Even before I’d finished talking to Montello, Dorothy had put a website up on the projection screen. It was the gossip site TMZ. The lead story, in a box with a red border, had a headline in big black type: HIJINKS IN THE HIGH COURT. This was over a big picture of Justice Claflin with a wild, leering look on his face. I recognized the photo. It had been taken at a party for his sixtieth birthday when he was about to blow out the candles.
I put down the phone and groaned.
“The story’s starting to spread big-time,” she said. She pulled up the Drudge Report. The same picture appeared there under the headline THE LOVE JUDGE.

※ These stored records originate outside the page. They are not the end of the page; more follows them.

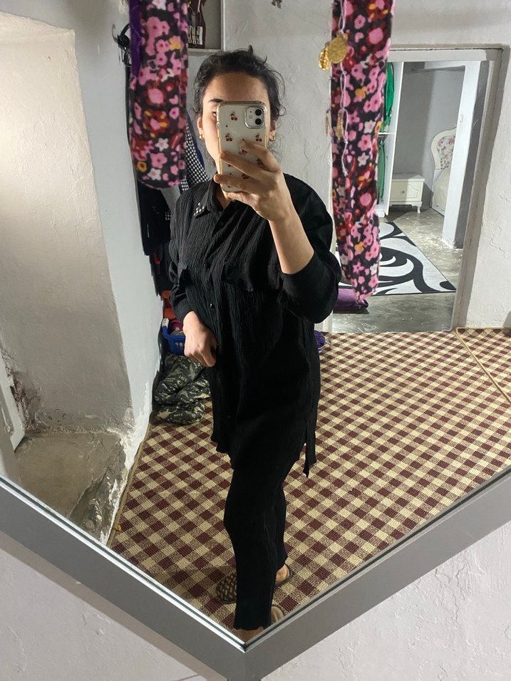 Siyah renkte, uzun kollu ve salaş kesim yakasında kesik yakalı ve dökümlü tasarımıyla ön plana çıkıyor. Parlak ve ipeksi kumaştan üretilmiştir.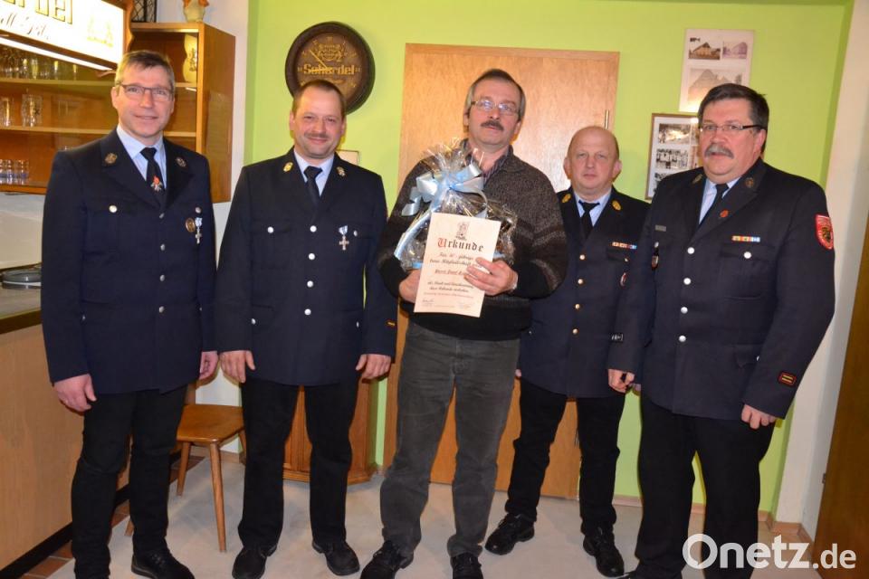 Vorsitzender Hermann Ach überreichte mit Kommandant Karl Eckl und sowie mit Kreisbrandinspektor Martin Weig und Kreisbrandmeister Thomas Kleber an die Jubilare, die alle Jahrzehnte lang aktive Feuerwehrleute waren, Urkunden und einen Geschenkkorb.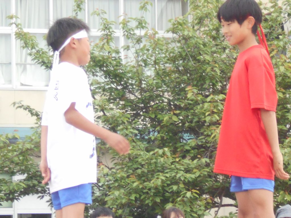 応援団長から「正々堂々戦おう」と、さわやかなエールの交換がおこなわれました。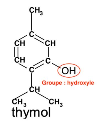 Q1. Écrire la formule semi-développée du thymol puis entourer et nommer son groupe caractéristique.
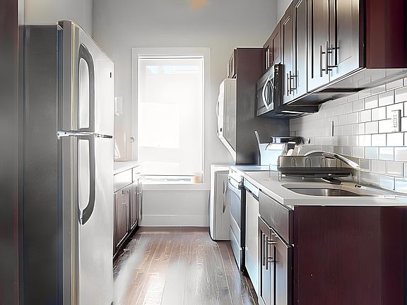 *Mint Renovated Three bedroom + 2 full bathroom apartment and stunning living room with high ceilings, beautiful wood beams and exposed Brick!* *Apartment Features:* - New dark hardwood - High ceilings throughout - All bedrooms with great closets - Two modern renovated bathrooms with tub and stall shower - Sleek open kitchen with quartz countertops and stainless steel appliances including dishwasher and mounted microwave - Washer-Dryer! *Building Features:* - Charming and well-maintained 4 story walkup building in a lovely tree-blanketed neighborhood. - Super close to multiple subway lines, and wonderful cafes and restaurants are just steps away! - Heat and water are included in the rent. - Pet-friendly *Notes:* - Some photos are virtually staged
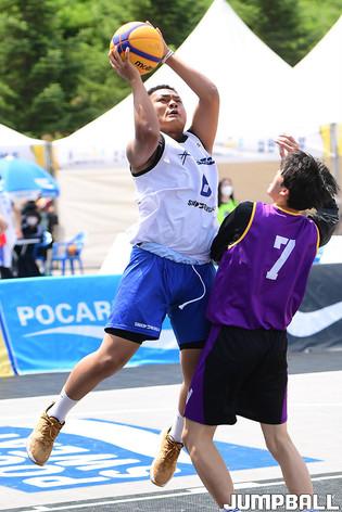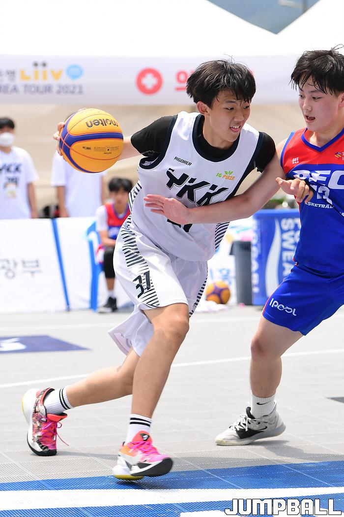 [점프볼=양구/박상혁 기자] 20일 양구청춘체육관 앞 특설코트에서 KB국민은행 LIIV m 3X3 코리아투어 IN 양구 대회가 열렸다. 중등부 YKK 주현성이 돌파를 시도하고 있다.
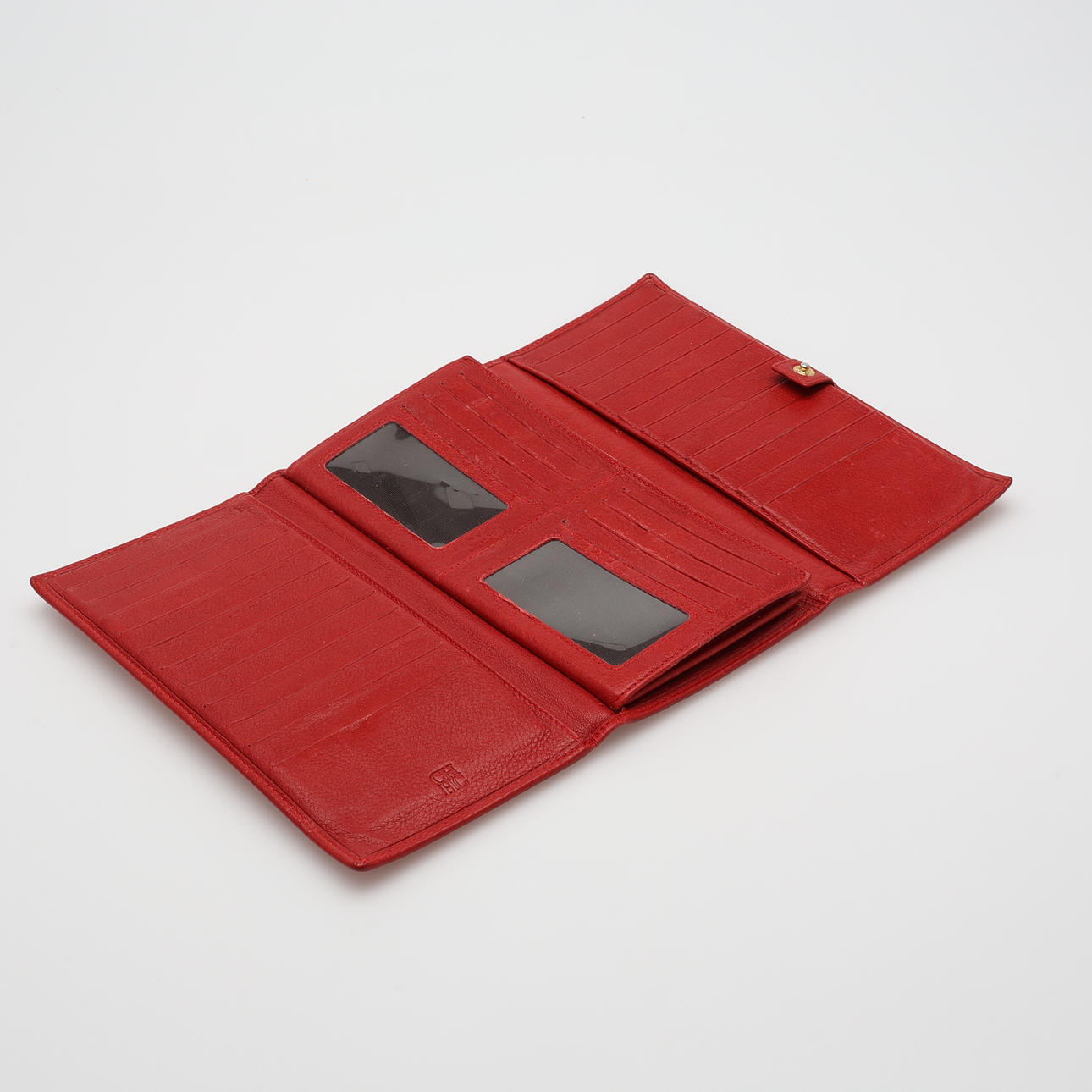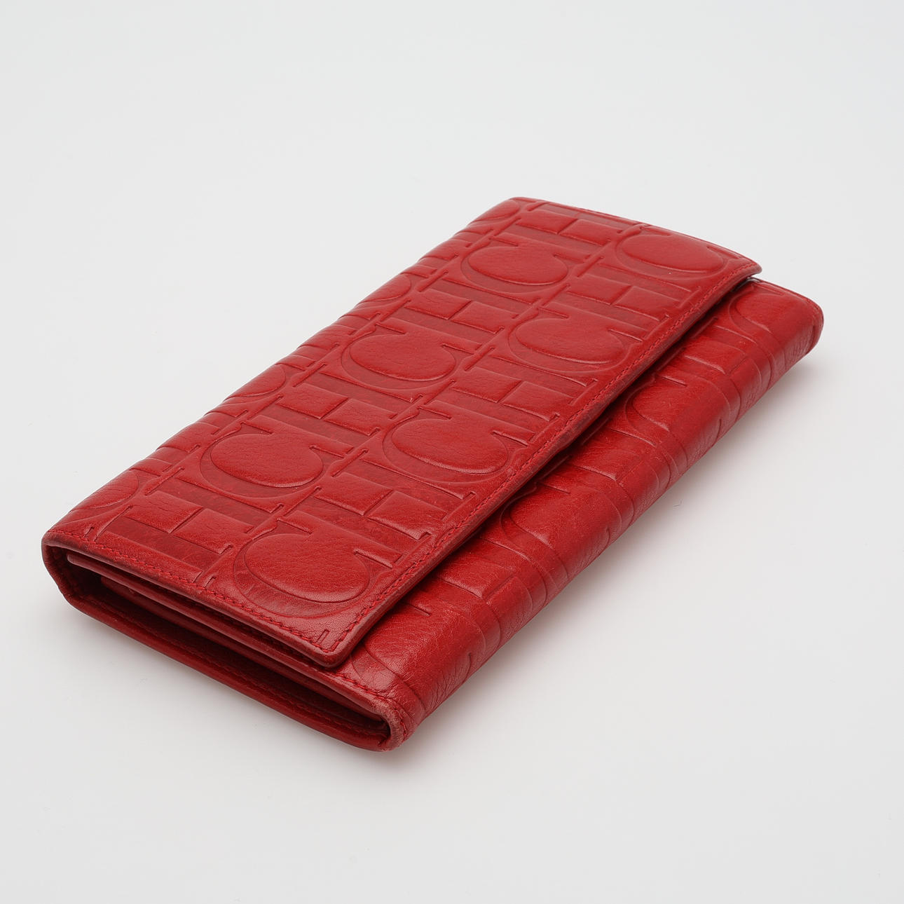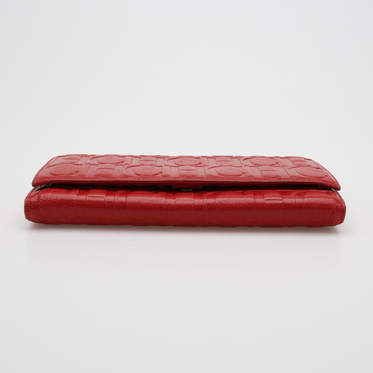 3924226. CARINA HERRERA RED MONOGRAM LEATHER OVERSIZE CONTINENTAL WALLET.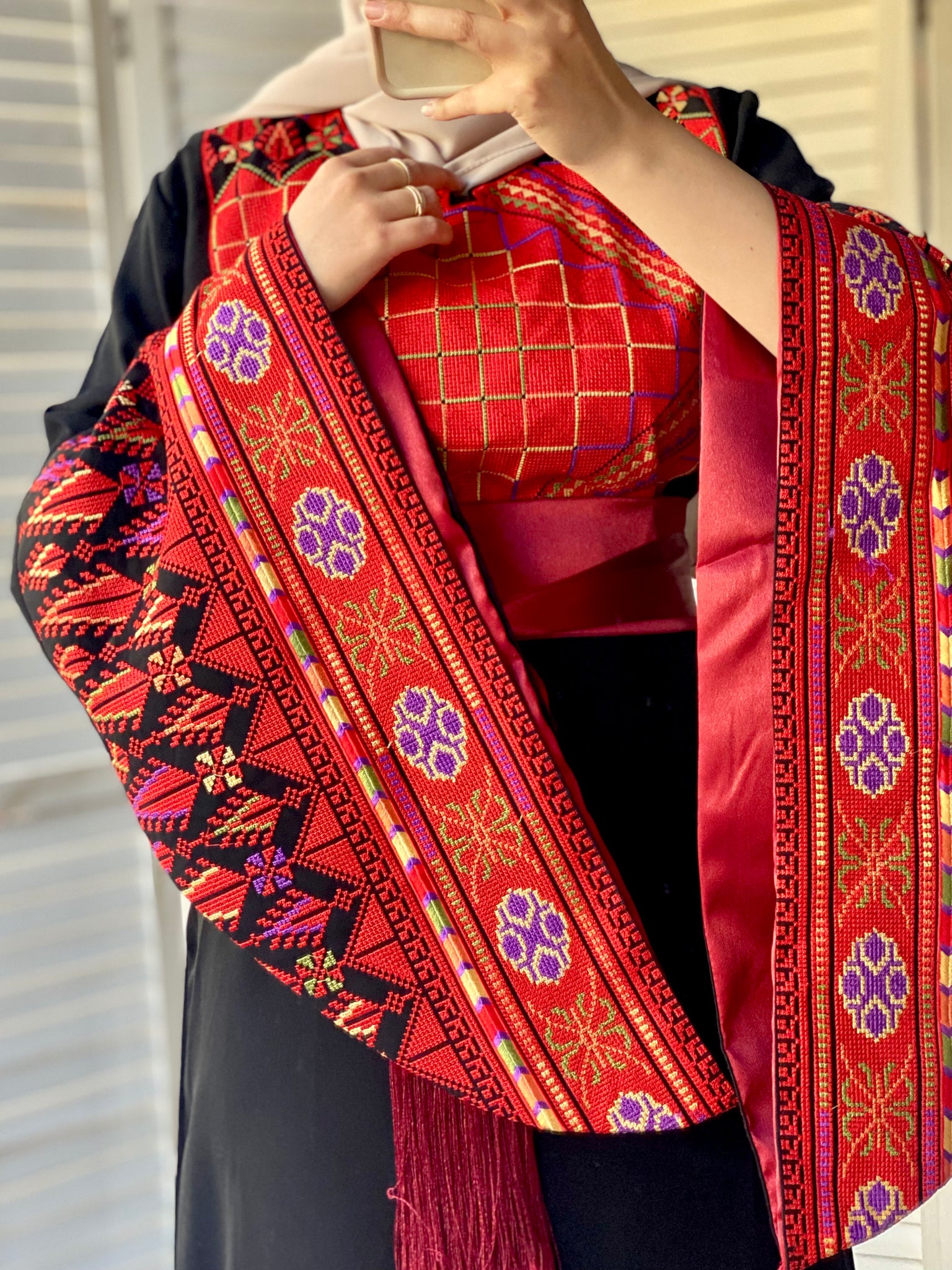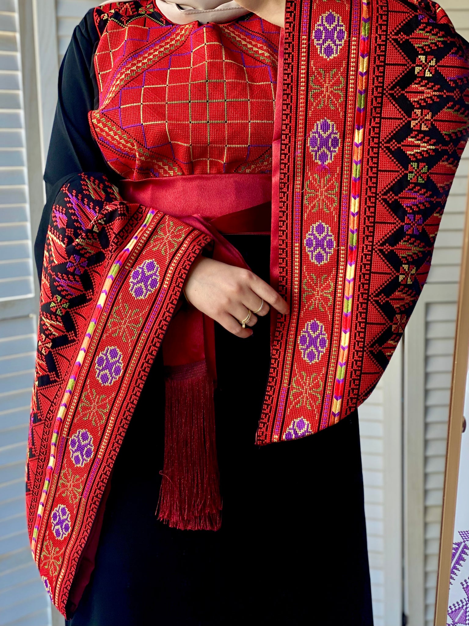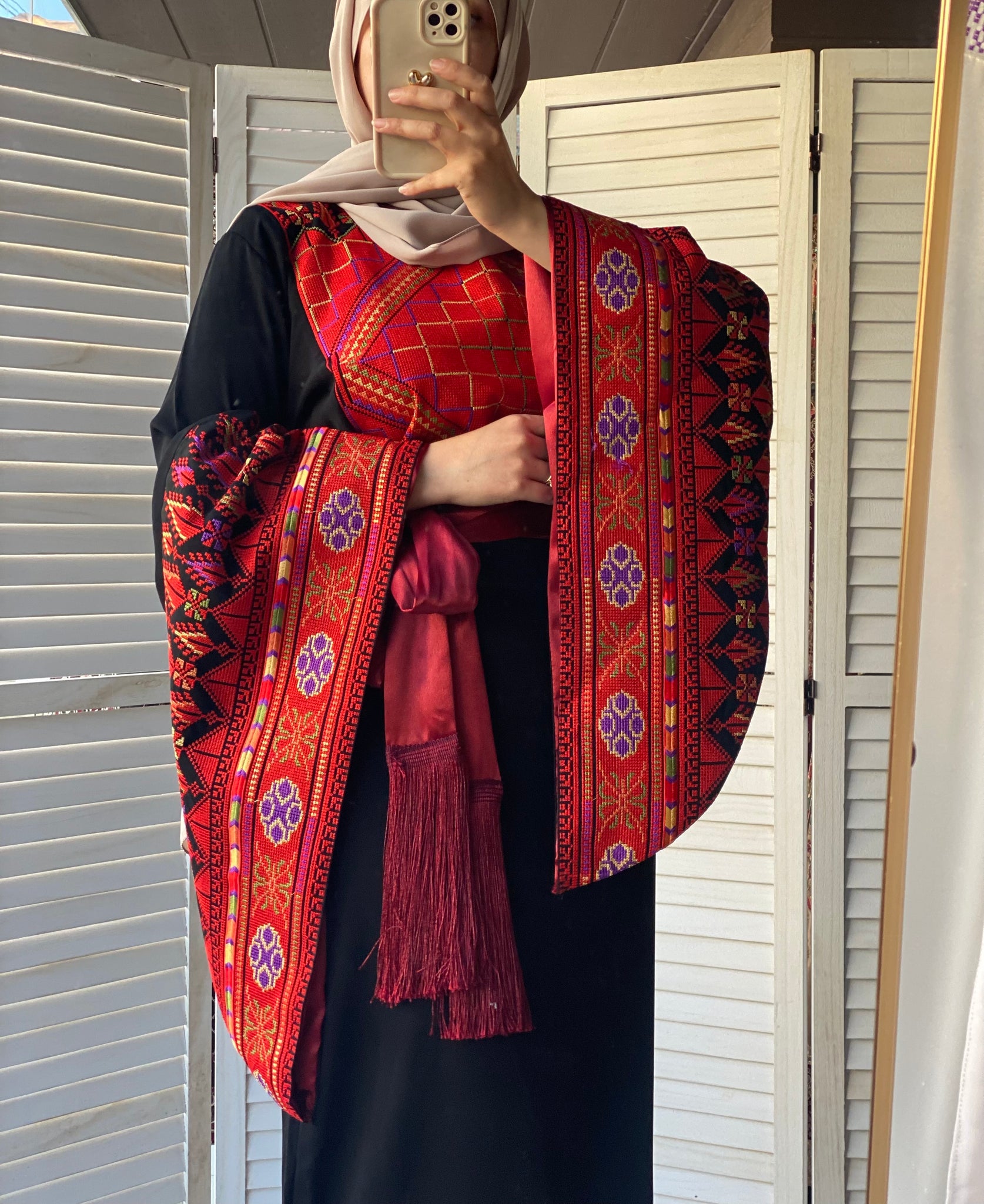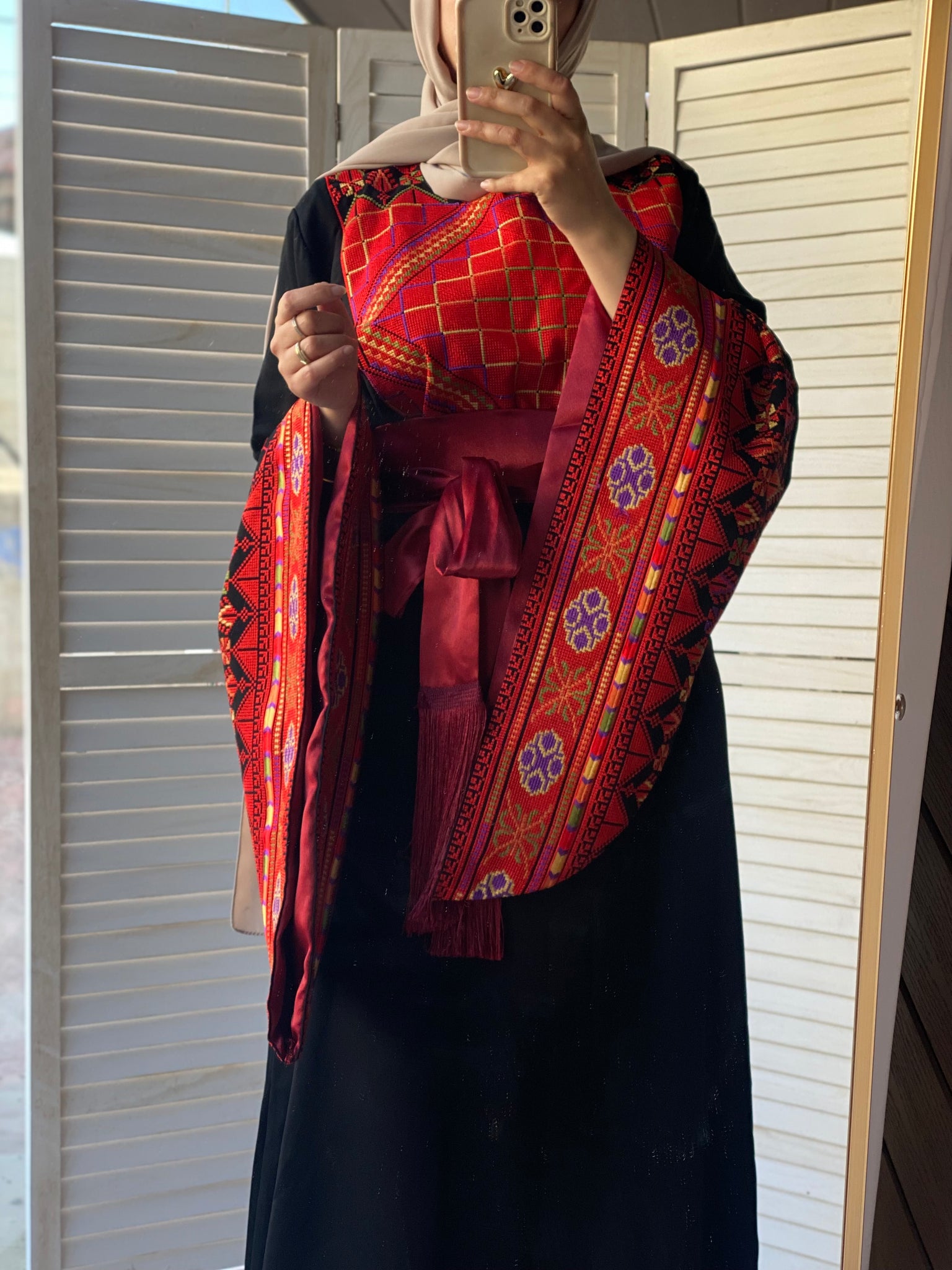 Very Unique Radan Sleeves Black and Red Thobe with Dense Embroidery and Satin Details

“Shit.” Drudge was a gossip site, but it had first broken the story about Bill Clinton and Monica Lewinsky, so it had a certain residual credibility. “What about the Times or the Post?” I asked.
“Nothing there. Not yet.”
“Good. How about Perez Hilton?”
“Nothing. But check this out.” She clicked on Politico. On its front page was a small box with a photo of Claflin, apparently at a State of the Union speech. Over it was the headline CLAFLIN IN POSSIBLE CALL GIRL SCANDAL?
“That’s not good,” I said. “Politico is mainstream. At least it’s a question mark.”
Probably the best headline was the one in Vox: JUSTICE SERVED?
BuzzFeed ran a listicle about the top ten DC sex scandals, from Monica Lewinsky in 1998 to Senator Gary Hart and his girlfriend Donna Rice in 1987. A congressman caught sending lewd messages to young male pages in 2006, and a senator arrested in a Minneapolis airport bathroom in 2007 soliciting sex from an undercover police officer.
It must have been hard to narrow the list down to just ten. I could think of quite a few more.
“How much time do we have?” I asked Dorothy.
“Just about six hours.”
“Six hours to blow this story up.”
“Nick, this story is spreading like wildfire. Way faster than I expected. I think we have enough to go to Slander Sheet and demand a retraction.”
I cupped my chin in my hand and thought. True, the Claflin story was going big faster than I’d expected. None of the standard bearers of the old-guard legacy print media had picked up on it yet, but it wouldn’t have surprised me if their online versions ran something with a question mark, and soon. It was just too explosive a story to ignore.
“I’m going to talk to Gideon,” I said.